» **Exercise aim**:
Using the entries that follow, transcribe only the lines from the line with "رنگهای مورد علاقه" to the line with "ХХХVIII Общегородской диктант, приуроченный", both included, exactly as they stand and without pictures.

» **Material for this task**:
--------------------------------------------------
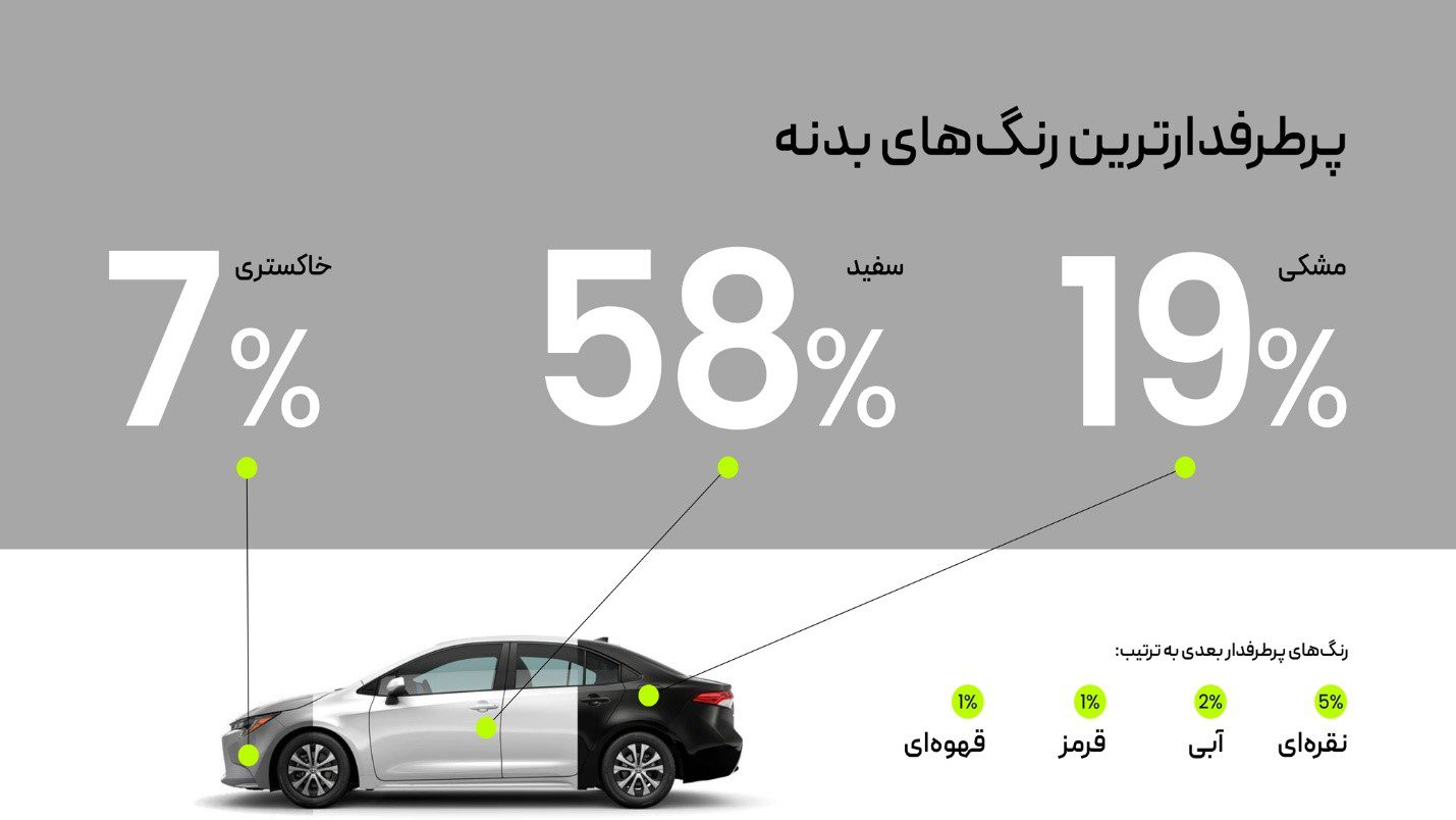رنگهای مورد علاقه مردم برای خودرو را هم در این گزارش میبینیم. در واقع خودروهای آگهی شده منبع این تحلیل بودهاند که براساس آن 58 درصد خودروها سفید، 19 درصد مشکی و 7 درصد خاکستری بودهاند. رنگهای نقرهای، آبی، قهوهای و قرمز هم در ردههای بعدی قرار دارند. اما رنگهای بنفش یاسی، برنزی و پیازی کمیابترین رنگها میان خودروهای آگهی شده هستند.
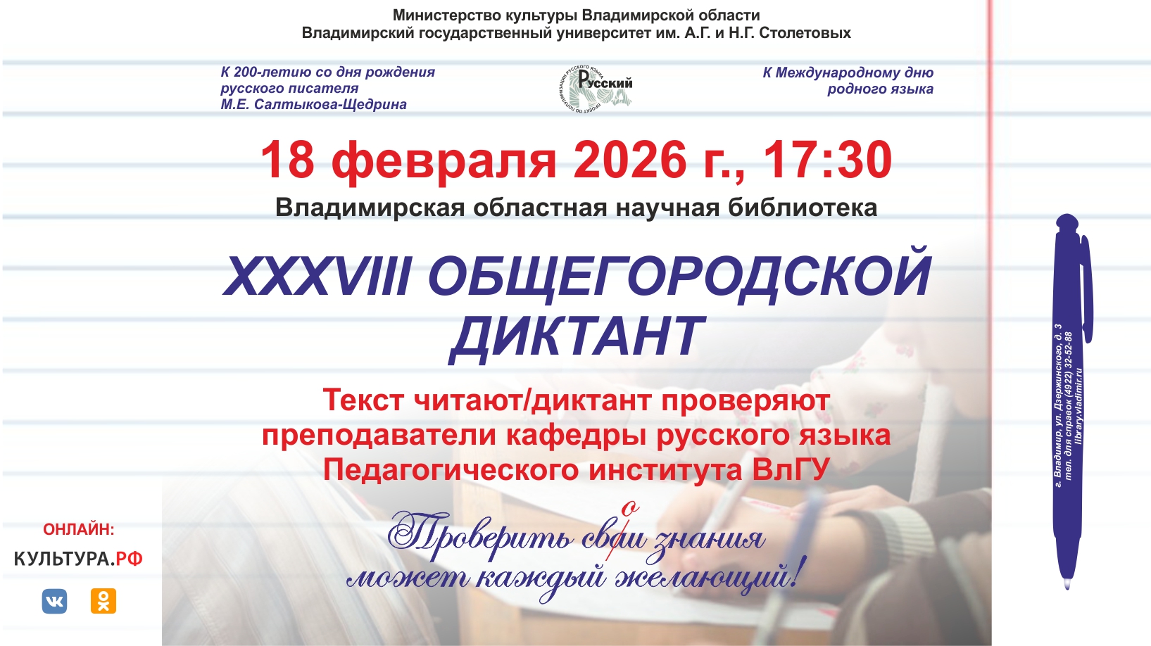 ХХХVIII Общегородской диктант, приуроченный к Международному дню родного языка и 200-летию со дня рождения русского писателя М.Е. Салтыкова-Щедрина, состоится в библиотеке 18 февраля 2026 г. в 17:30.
--------------------------------------------------
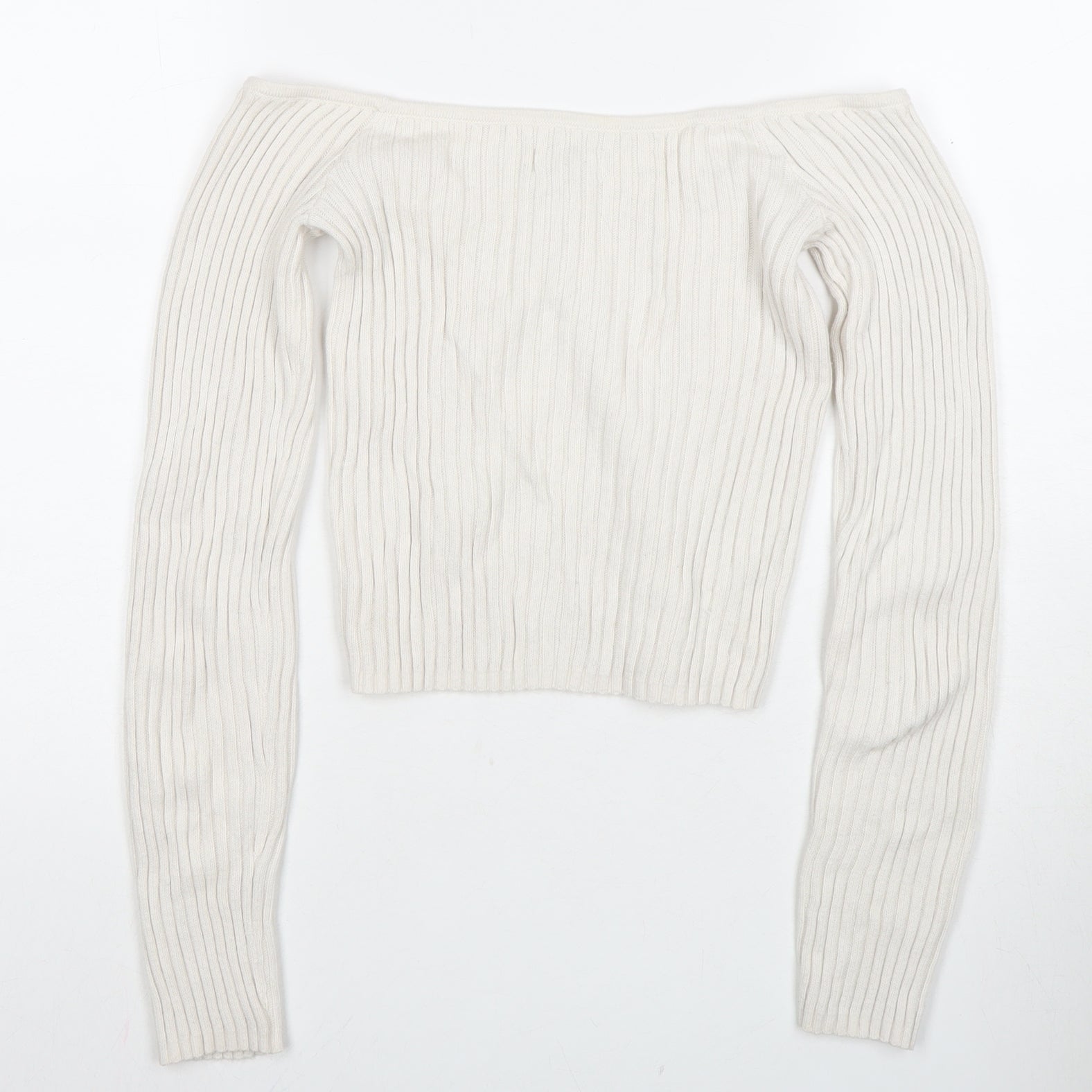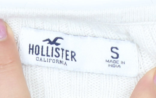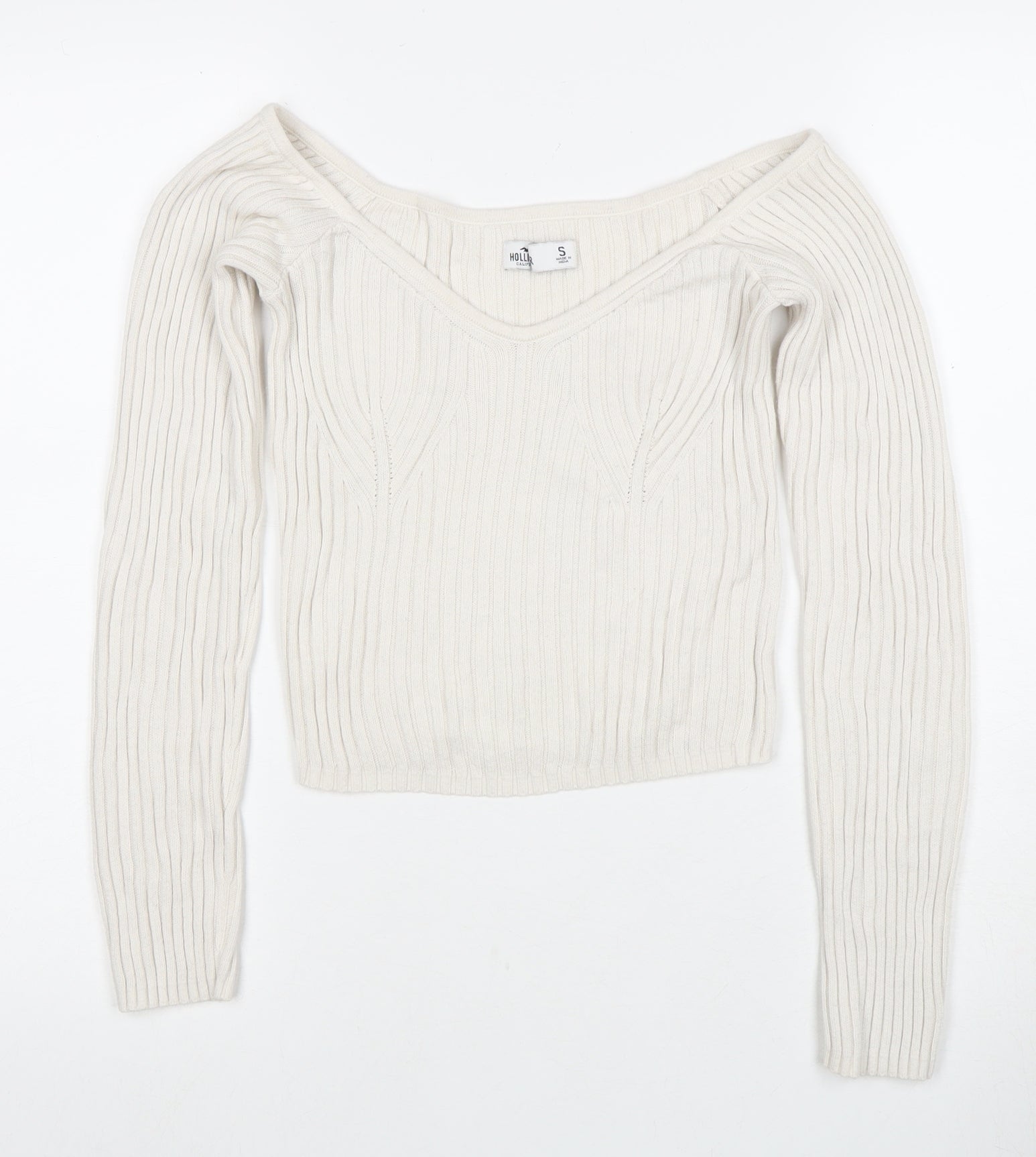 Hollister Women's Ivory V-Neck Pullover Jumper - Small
--------------------------------------------------
» **Written reply**:
رنگهای مورد علاقه مردم برای خودرو را هم در این گزارش میبینیم. در واقع خودروهای آگهی شده منبع این تحلیل بودهاند که براساس آن 58 درصد خودروها سفید، 19 درصد مشکی و 7 درصد خاکستری بودهاند. رنگهای نقرهای، آبی، قهوهای و قرمز هم در ردههای بعدی قرار دارند. اما رنگهای بنفش یاسی، برنزی و پیازی کمیابترین رنگها میان خودروهای آگهی شده هستند.
 ХХХVIII Общегородской диктант, приуроченный к Международному дню родного языка и 200-летию со дня рождения русского писателя М.Е. Салтыкова-Щедрина, состоится в библиотеке 18 февраля 2026 г. в 17:30.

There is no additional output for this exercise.